Source records:
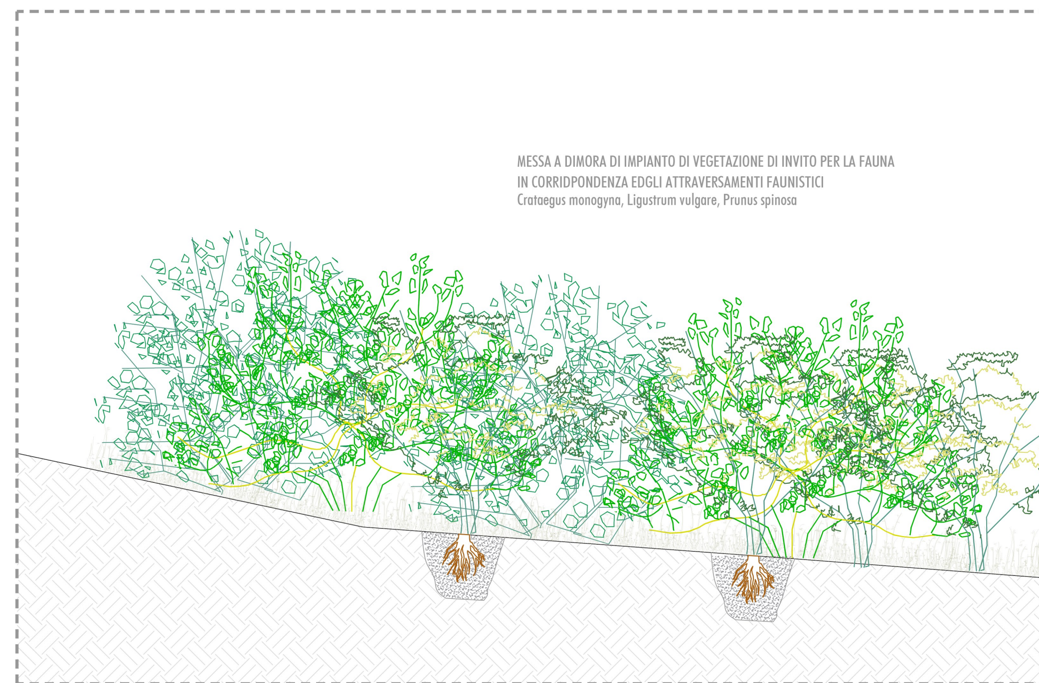
PARTICOLARE A: SISTEMAZIONE A VERDE DELLE SCARPATE AREE DI RICOSTITUZIONE E CREAZIONE DI AMBIENTI DI INTERESSE ECOLOGICO E DI SALVAGUARDIA DEI VALORI ECOSISTEMICI DEL TERRITORIO SCALA 1:50
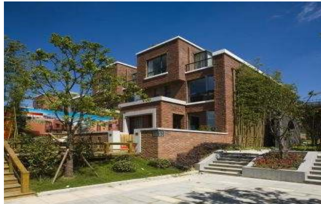
上海保利家園實景圖

本季度，集團的南寧保利龍騰上園、上海保利家園（別墅）、深圳海語西灣等項目已竣工開始交付買家使用，並擁有正在施工項目共 17 個，施工面積約 235 萬平方米。各項目基本按照計劃如常進行施工，在季內竣工項目包括深圳海語西灣、上海保利家園一期別墅、上海盛唐福邸，此外上海保利廣場已經在 12 月封頂；武漢保利華都一期正進行內部裝修，即將竣工。
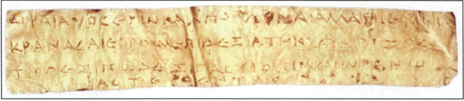
Εικ. 2 Ενεπίγραφο επιστόμιο από την Ελεύθερα (Εθνικό Αρχαιολογικό Μουσείο, Συλλογή Αγγείων αρ. 632 = IC II.xii [Eleutherna].31a)
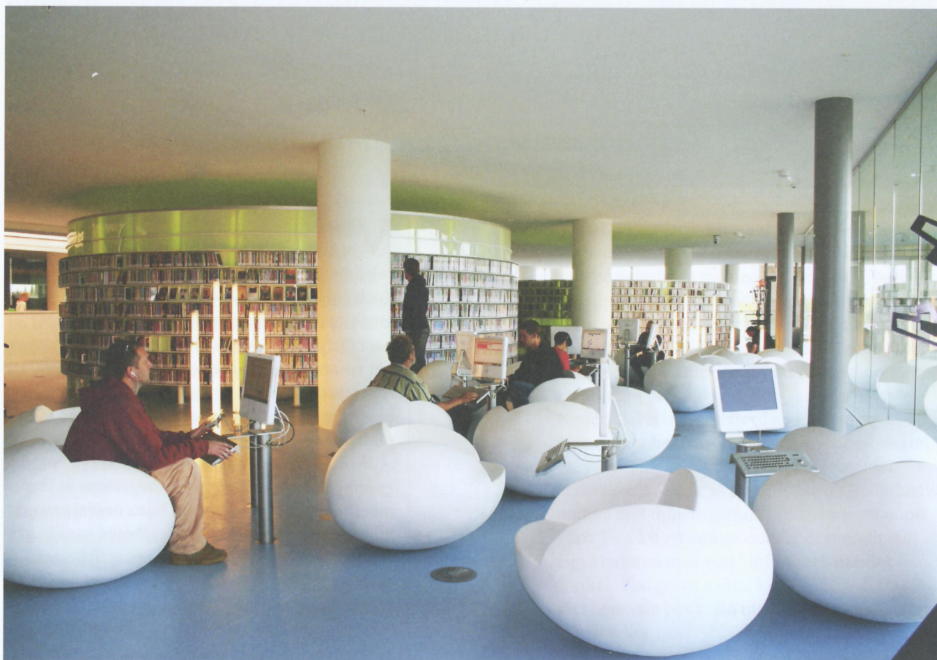
Afdeling multimedia van de Openbare Bibliotheek Amsterdam.

Work to complete: When you transcribe the entries, reproduce each line exactly and skip any picture.

Solution to this problem:
PARTICOLARE A: SISTEMAZIONE A VERDE DELLE SCARPATE AREE DI RICOSTITUZIONE E CREAZIONE DI AMBIENTI DI INTERESSE ECOLOGICO E DI SALVAGUARDIA DEI VALORI ECOSISTEMICI DEL TERRITORIO SCALA 1:50
上海保利家園實景圖

本季度，集團的南寧保利龍騰上園、上海保利家園（別墅）、深圳海語西灣等項目已竣工開始交付買家使用，並擁有正在施工項目共 17 個，施工面積約 235 萬平方米。各項目基本按照計劃如常進行施工，在季內竣工項目包括深圳海語西灣、上海保利家園一期別墅、上海盛唐福邸，此外上海保利廣場已經在 12 月封頂；武漢保利華都一期正進行內部裝修，即將竣工。
Εικ. 2 Ενεπίγραφο επιστόμιο από την Ελεύθερα (Εθνικό Αρχαιολογικό Μουσείο, Συλλογή Αγγείων αρ. 632 = IC II.xii [Eleutherna].31a)
Afdeling multimedia van de Openbare Bibliotheek Amsterdam.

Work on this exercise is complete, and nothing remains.